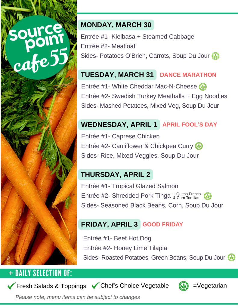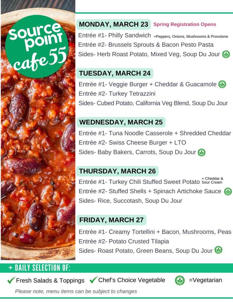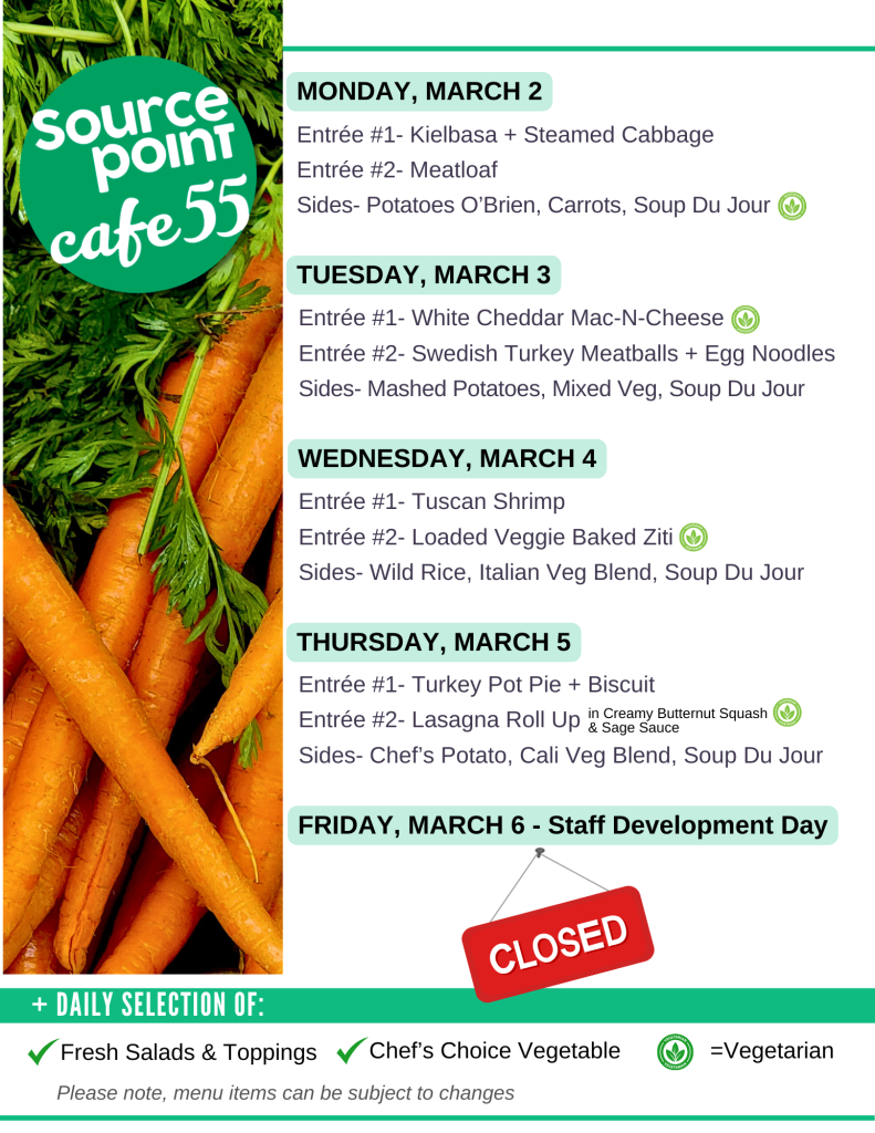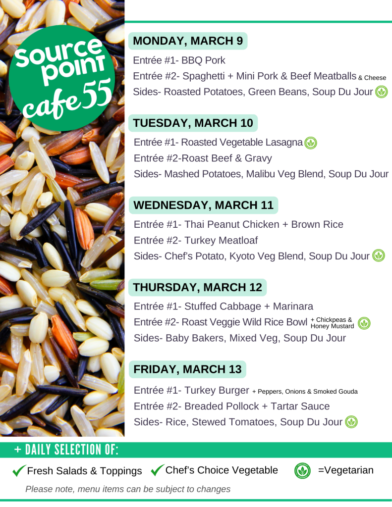 SourcePoint’s Cafe 55 is a place for people ages 55 and older to eat lunch and have fun! Café 55 is open to anyone in the community for lunch (11 a.m. to 1:30 p.m.) For Delaware County residents aged 55+, lunch is available on a donation basis with proper paperwork (suggested donation: $5). Those under the age of 55, or guests of a SourcePoint member, may purchase a lunch for $8.
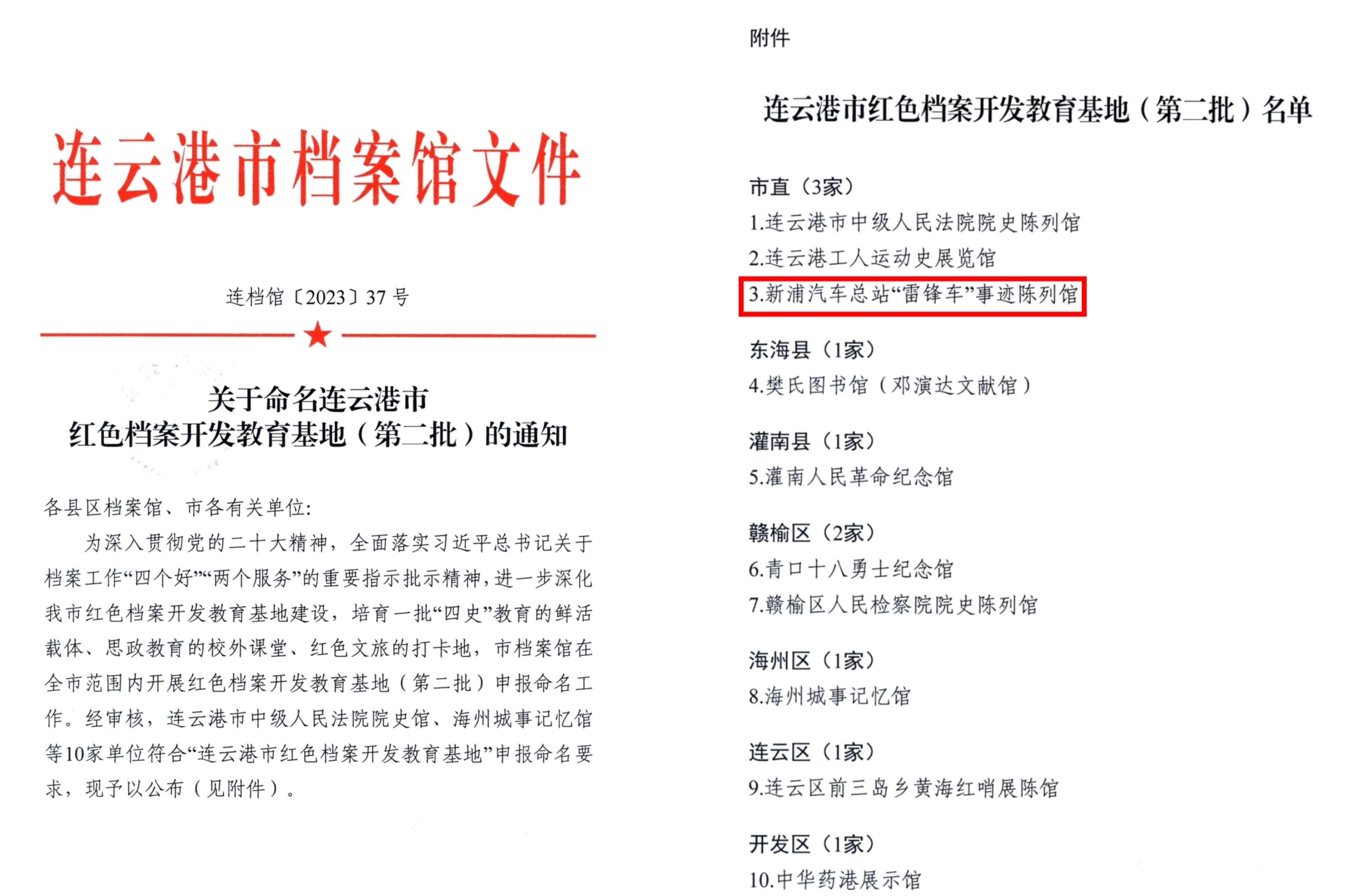 為進(jìn)一步深化連云港市紅色檔案開(kāi)發(fā)教育基地建設,培育一批“四史”教育的鮮活載體、思政教育的校外課堂、紅色文旅的打卡地,近日,連云港市檔案館在全市范圍內開(kāi)展紅色檔案開(kāi)發(fā)教育基地(第二批)申報命名工作,經(jīng)審核,“雷鋒車(chē)”事跡陳列館入選連云港市紅色檔案開(kāi)發(fā)教育基地(第二批)名單。
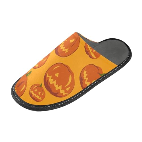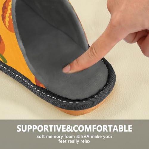 HOT ! JUNZAN Halloween Pumpkins Memory Foam Slippers for Women Men House Slippers for Bedroom Indoor Orange
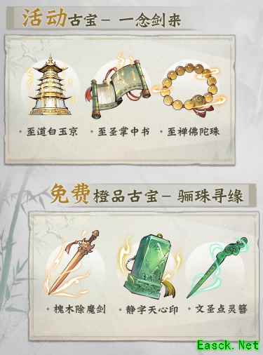 联动限定古宝上线,参与韶华剑礼等活动,可免费获取橙品古宝套“骊珠寻缘”,集齐可提高玩家神通伤害,增强自身实力。
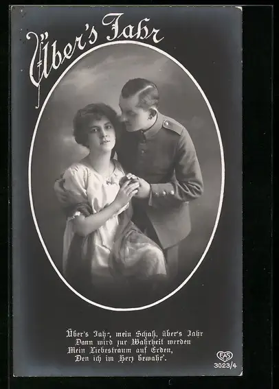 Foto-AK EAS Nr.3023 /4: Soldat in Uniform mit seiner Geliebten
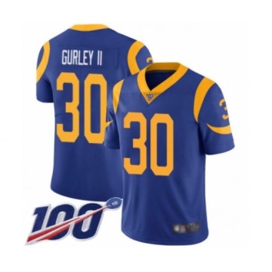 Men's Los Angeles Rams #30 Todd Gurley Royal Blue Alternate Vapor Untouchable Limited Player 100th Season Football Jersey
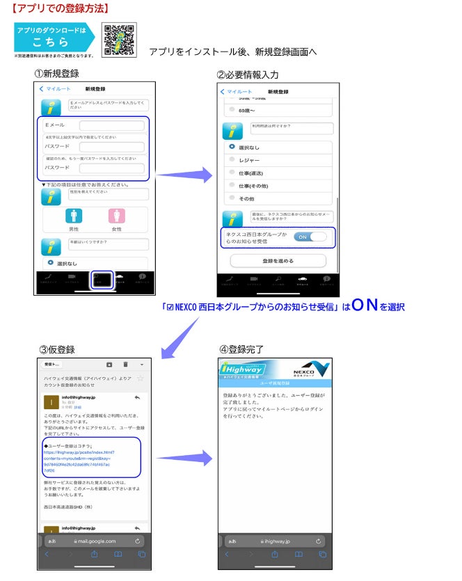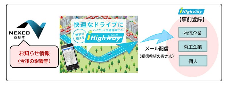 当社では、最新の気象予報に基づき、高速道路への影響について、公式WEBサイトで情報を提供するほか、アイハイウェイのユーザー登録者のうち、お知らせメール受信希望の皆さまへ、高速道路の通行止めの可能性などの「お知らせ」情報をメールにてお届けしますので、是非ご登録をお願いします。
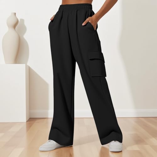 HOT ! Girls Baggy Cargo Pants Solid Comfy Sweatpants Kids Straight Wide Leg Athletic Joggers Casual Pants with Pockets

■ ■ ■

What you are asked to do: With the pictures left out, return the listing above exactly as it stands.

Your response:
 SourcePoint’s Cafe 55 is a place for people ages 55 and older to eat lunch and have fun! Café 55 is open to anyone in the community for lunch (11 a.m. to 1:30 p.m.) For Delaware County residents aged 55+, lunch is available on a donation basis with proper paperwork (suggested donation: $5). Those under the age of 55, or guests of a SourcePoint member, may purchase a lunch for $8.
 為進(jìn)一步深化連云港市紅色檔案開(kāi)發(fā)教育基地建設,培育一批“四史”教育的鮮活載體、思政教育的校外課堂、紅色文旅的打卡地,近日,連云港市檔案館在全市范圍內開(kāi)展紅色檔案開(kāi)發(fā)教育基地(第二批)申報命名工作,經(jīng)審核,“雷鋒車(chē)”事跡陳列館入選連云港市紅色檔案開(kāi)發(fā)教育基地(第二批)名單。
 HOT ! JUNZAN Halloween Pumpkins Memory Foam Slippers for Women Men House Slippers for Bedroom Indoor Orange
 联动限定古宝上线,参与韶华剑礼等活动,可免费获取橙品古宝套“骊珠寻缘”,集齐可提高玩家神通伤害,增强自身实力。
 Foto-AK EAS Nr.3023 /4: Soldat in Uniform mit seiner Geliebten
 Men's Los Angeles Rams #30 Todd Gurley Royal Blue Alternate Vapor Untouchable Limited Player 100th Season Football Jersey
 当社では、最新の気象予報に基づき、高速道路への影響について、公式WEBサイトで情報を提供するほか、アイハイウェイのユーザー登録者のうち、お知らせメール受信希望の皆さまへ、高速道路の通行止めの可能性などの「お知らせ」情報をメールにてお届けしますので、是非ご登録をお願いします。
 HOT ! Girls Baggy Cargo Pants Solid Comfy Sweatpants Kids Straight Wide Leg Athletic Joggers Casual Pants with Pockets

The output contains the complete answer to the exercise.